## WHAT TO DO
Transcribe only what runs from the line containing "has evolved so" through the final line below, exactly, and leave every picture out.

## RECORDED DATA
----
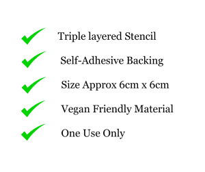 | Directions | Remove paper backing from rear of stencil – Place stencil onto desired area of skin – Remove clear top layer – Apply thin layer of body adhesive to the inside area of the stencil – Wait for the glue to become clear (opaque) – Apply glitter to the stencil using the small / medium brush – Use the large brush to remove excess glitter – Gently peel away the stencil to reveal your beautiful glitter tattoo. |
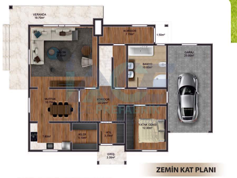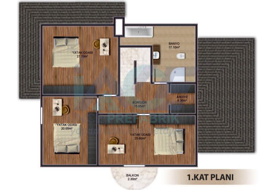 - Çatı Kaplaması Boyalı Galvaniz Saç, Metal Kiremit (Opsiyonel), Shingle (Opsiyonel)
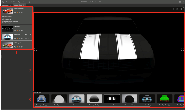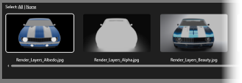 Consente di selezionare i rendering da aprire o visualizzare nella vista rendering. Quando si fa clic su una miniatura, l'immagine si apre nella vista rendering. Se si fa doppio clic su una miniatura, l'immagine si apre in un visualizzatore esterno.
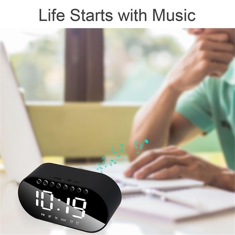 Tento sofistikovaný Digitální budík se zrcadlovým displejem nabízí mnohem více než pouhé zobrazení času. Díky vestavěnému Bluetooth se snadno připojíte s vaším telefonem nebo tabletem a můžete si tak bezdrátově streamovat oblíbenou hudbu. Máte rádi rádio? Integrovaný FM tuner je připraven. A pokud preferujete vlastní sbírku, slot na TF kartu a AUX vstup vám zajistí nekonečné možnosti přehrávání. Jasný LED displej je viditelný i z dálky a jeho zrcadlový povrch je praktický pro rychlé ranní kontroly. K dispozici je v několika atraktivních barvách – červené, bílé, modré a černé – takže si snadno vyberete ten, který nejlépe doplní váš interiér. Je to dokonalá kombinace funkčnosti a stylu!
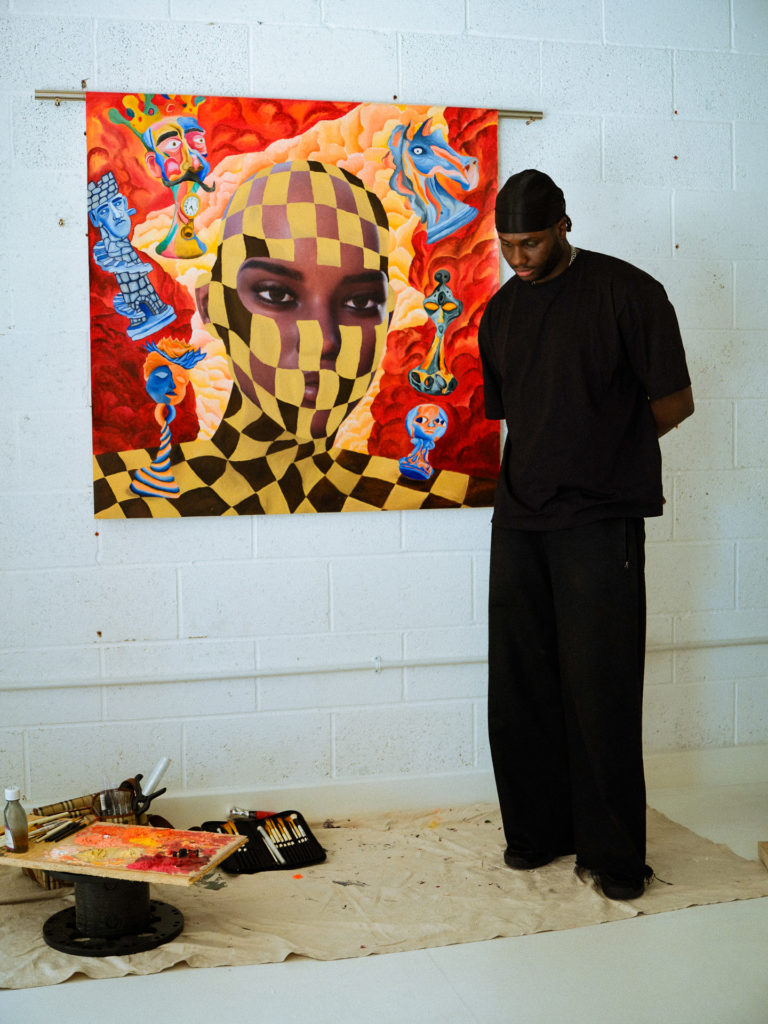 “It has evolved so much,” he says. “858 is the clothing brand, Studio 858 is the creative studio, Farouk 858 is me the artist, and then there is 858 Art Club.”
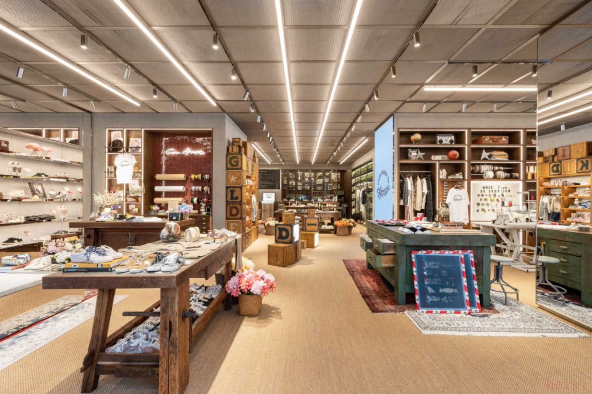 門店采用原始的清水混凝土墻面和地板,呈現(xiàn)出未經(jīng)雕琢的美感,店內(nèi)擺放著品牌團隊在世界各地旅行時所收集的紀念品,營造出溫馨的暖意氛圍。整體空間呈工業(yè)風,做舊設計的仿古地毯與回收再利用的復古木質(zhì)家具為其增添了一抹柔和。優(yōu)雅的鏡面展柜巧妙地與古樸家具相映成趣,共同展示著Golden Goose的最新系列。
----
## OUTPUT FOR THIS TASK
 “It has evolved so much,” he says. “858 is the clothing brand, Studio 858 is the creative studio, Farouk 858 is me the artist, and then there is 858 Art Club.”
 門店采用原始的清水混凝土墻面和地板,呈現(xiàn)出未經(jīng)雕琢的美感,店內(nèi)擺放著品牌團隊在世界各地旅行時所收集的紀念品,營造出溫馨的暖意氛圍。整體空間呈工業(yè)風,做舊設計的仿古地毯與回收再利用的復古木質(zhì)家具為其增添了一抹柔和。優(yōu)雅的鏡面展柜巧妙地與古樸家具相映成趣,共同展示著Golden Goose的最新系列。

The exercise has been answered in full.